» **Work to be completed**
What you return should be only the lines in the entries below between the one holding "そのほかにも本体を素早く2度" and the one holding "Меган Маркл и", ends included, with every picture left out.

» **Supplied entries**
====

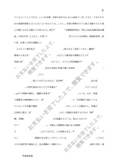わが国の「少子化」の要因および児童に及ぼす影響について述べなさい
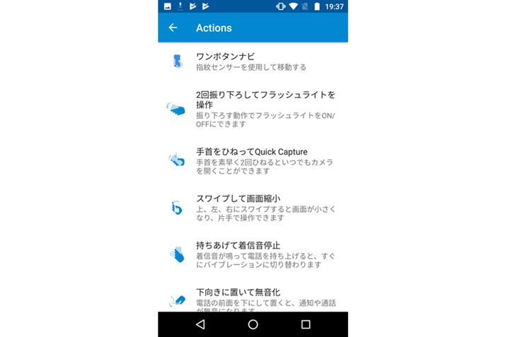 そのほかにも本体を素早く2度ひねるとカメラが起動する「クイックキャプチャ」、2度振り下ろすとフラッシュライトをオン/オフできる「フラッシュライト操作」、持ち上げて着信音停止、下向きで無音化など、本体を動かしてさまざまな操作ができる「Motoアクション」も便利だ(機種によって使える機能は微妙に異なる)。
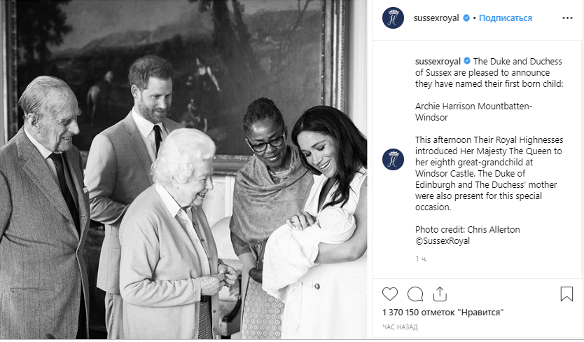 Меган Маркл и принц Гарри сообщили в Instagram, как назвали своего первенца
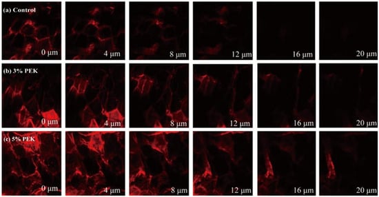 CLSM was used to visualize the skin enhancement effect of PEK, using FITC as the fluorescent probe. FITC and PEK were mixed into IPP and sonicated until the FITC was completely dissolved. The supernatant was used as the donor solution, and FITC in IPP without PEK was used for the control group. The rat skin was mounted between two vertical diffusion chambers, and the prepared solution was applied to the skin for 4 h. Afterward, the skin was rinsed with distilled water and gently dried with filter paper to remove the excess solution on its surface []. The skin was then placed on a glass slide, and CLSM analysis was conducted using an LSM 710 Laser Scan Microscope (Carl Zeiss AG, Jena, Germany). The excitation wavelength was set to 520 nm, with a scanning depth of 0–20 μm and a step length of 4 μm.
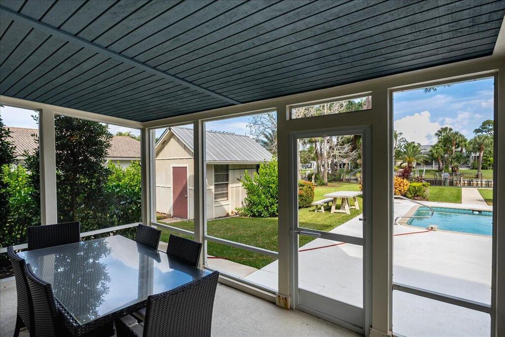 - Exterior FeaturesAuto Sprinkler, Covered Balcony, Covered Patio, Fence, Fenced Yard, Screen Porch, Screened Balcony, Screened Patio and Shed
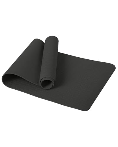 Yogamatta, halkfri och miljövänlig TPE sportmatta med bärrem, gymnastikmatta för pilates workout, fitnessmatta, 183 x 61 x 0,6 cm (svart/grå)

====

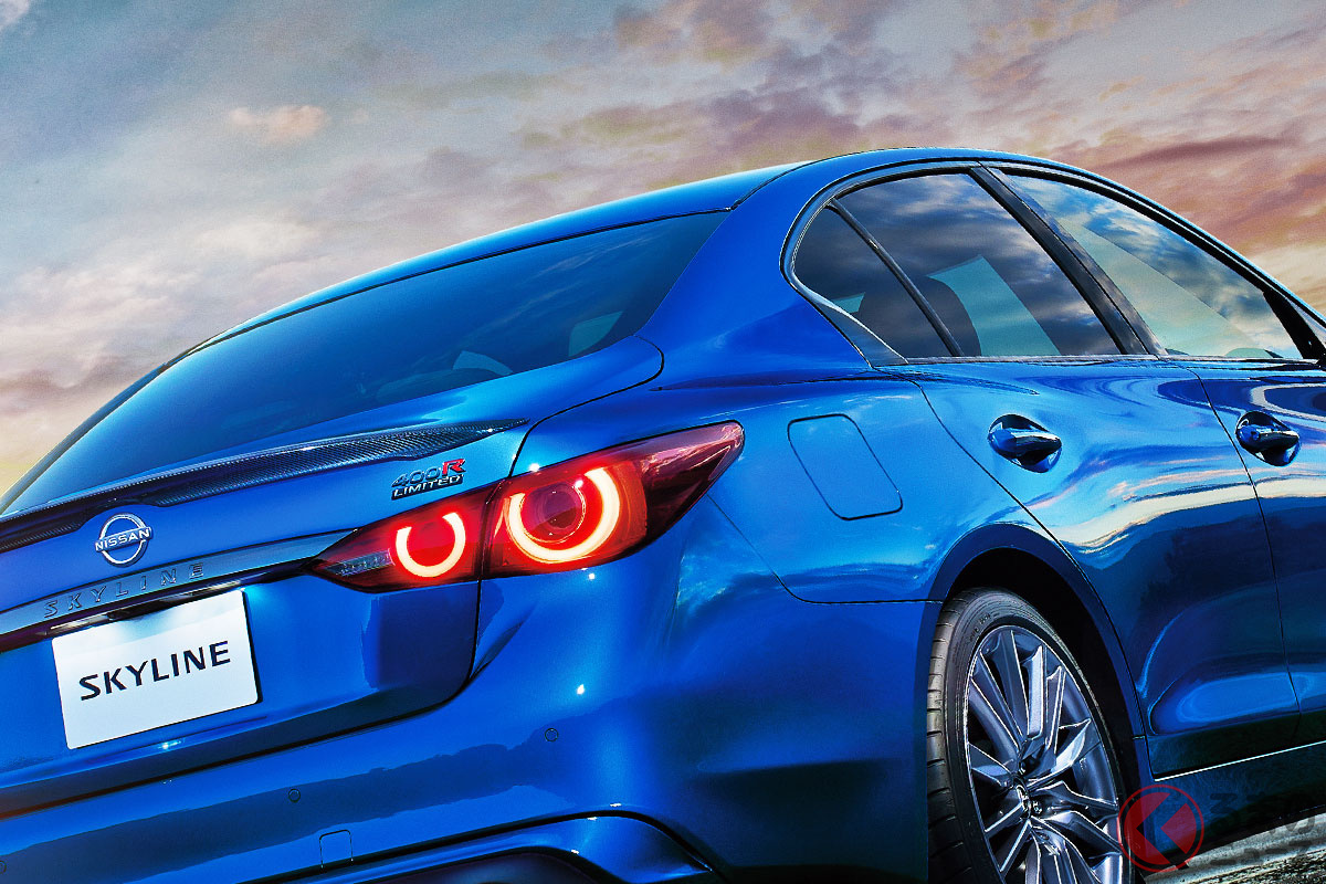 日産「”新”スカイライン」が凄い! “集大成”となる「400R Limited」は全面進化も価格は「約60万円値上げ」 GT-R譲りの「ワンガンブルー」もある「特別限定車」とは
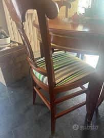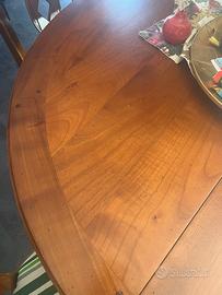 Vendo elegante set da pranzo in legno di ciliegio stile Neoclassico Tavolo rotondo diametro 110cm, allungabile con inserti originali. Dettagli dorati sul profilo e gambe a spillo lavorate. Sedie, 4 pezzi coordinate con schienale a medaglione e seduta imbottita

====

» **Response for this exercise**
 そのほかにも本体を素早く2度ひねるとカメラが起動する「クイックキャプチャ」、2度振り下ろすとフラッシュライトをオン/オフできる「フラッシュライト操作」、持ち上げて着信音停止、下向きで無音化など、本体を動かしてさまざまな操作ができる「Motoアクション」も便利だ(機種によって使える機能は微妙に異なる)。
 Меган Маркл и принц Гарри сообщили в Instagram, как назвали своего первенца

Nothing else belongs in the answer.